- Theatrical release poster
- Directed by: Padmasri
- Written by: Padmasri
- Produced by: Dil Raju Shirish
- Starring: Sagar; Drishya Raghunath;
- Cinematography: Srikanth Naroj
- Edited by: Madhu
- Music by: Sunil Kashyap
- Production company: Sri Venkateswara Creations
- Release date: 5 March 2021;
- Country: India
- Language: Telugu

= Shaadi Mubarak (film) =

2021 Telugu-language Indian film

Shaadi Mubarak is a 2021 Indian Telugu-language romantic comedy film directed by Padmasri and starring Sagar and Drishya Raghunath.

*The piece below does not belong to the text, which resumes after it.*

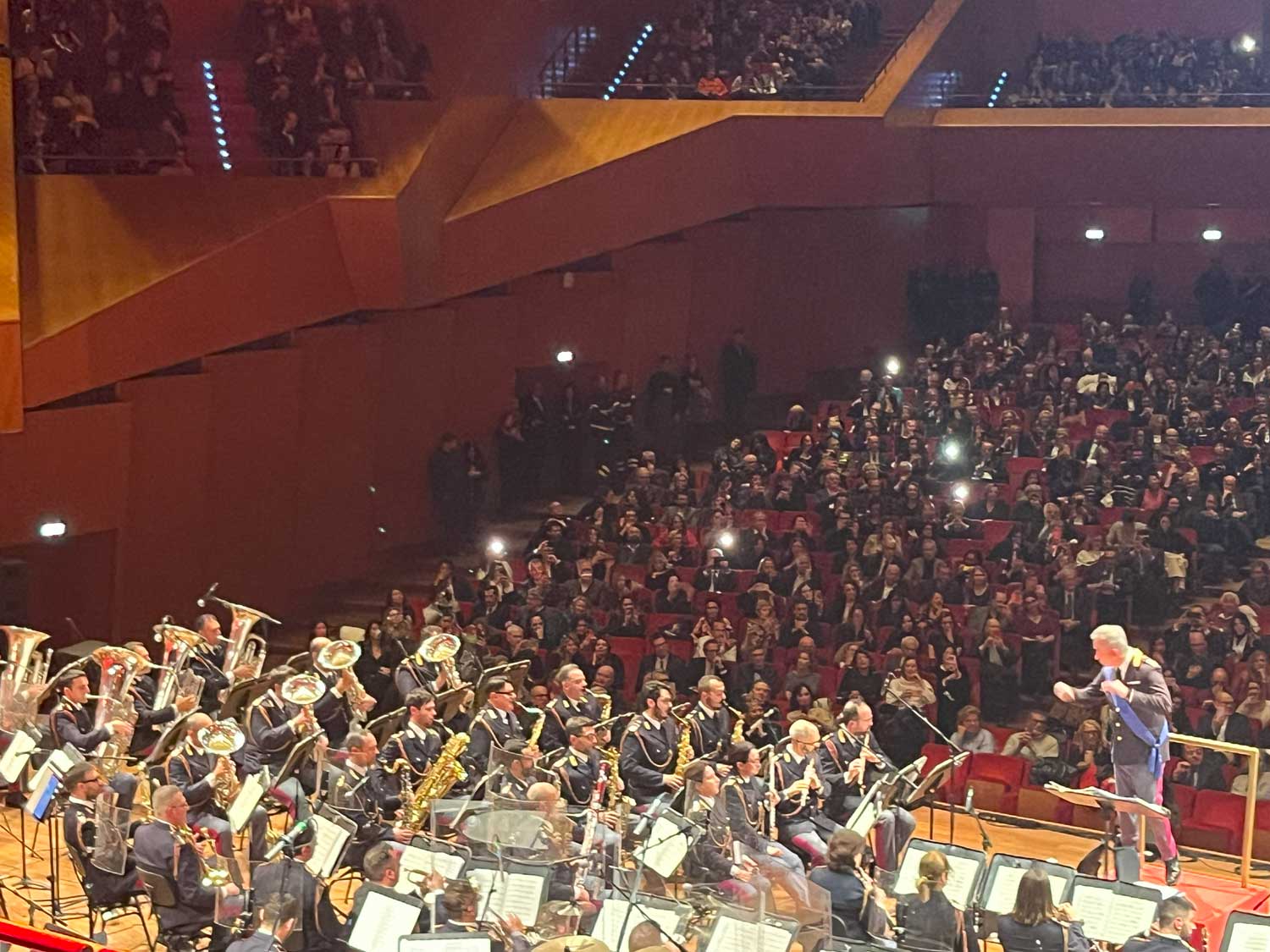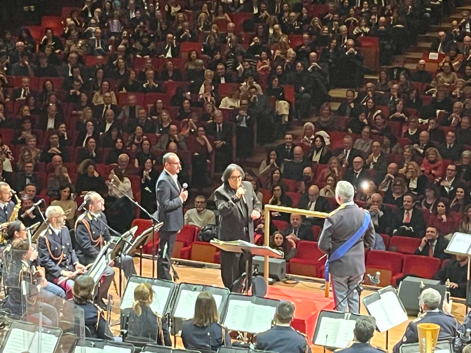 Lo spettacolo è proseguito con la performance della giovane Angelica Stuppia (finalista di The voice kids), la splendida voce di Serena Autieri e gli eccezionali violinisti Olga Zakharova e Giuseppe Gibboni, quest’ultimo – ventiduenne che vincendo il 56˚premio Paganini lo ha riportato in Italia dopo 24 anni – ha suonato magistralmente La campanella di Niccolò Paganini con un violino Stradivari del 1734. È stata poi la volta di Va, pensiero terza parte del Nabucco di Giuseppe Verdi, interpretata dal Coro dell’Accademia di Santa Cecilia conferendo un’atmosfera d’altri tempi alla sala; a seguire l’intramontabile voce Al Bano.

The film was released on 5 March 2021.

==Plot==

Madhav, an introverted software employee, is compelled to meet 3 prospective brides arranged by a marriage bureau run by Jayamma. Satyabhama, daughter of Jayamma, a happy, go-lucky girl has to accompany Madhav in meeting his matrimonial alliances. During the journey, they find love in each other, yet, they don't express it. The story takes new turns with each future bride they meet.

== Cast ==
- Sagar as Sunnipenta Madhav
- Drishya Raghunath as Sathyabhama
- Banerjee
- Priyadarshini Ram
- RJ Hemanth
- Rahul Ramakrishna
- Shatru
- Ajay Ghosh
- Rajashree
- Bhadra
- Hema

== Reception ==
A critic from The Indian Express wrote that "It is the film’s simple take on life and love that makes it an entertaining watch. The film doesn’t take itself or its subject too seriously, keeping it light and frothy at all times".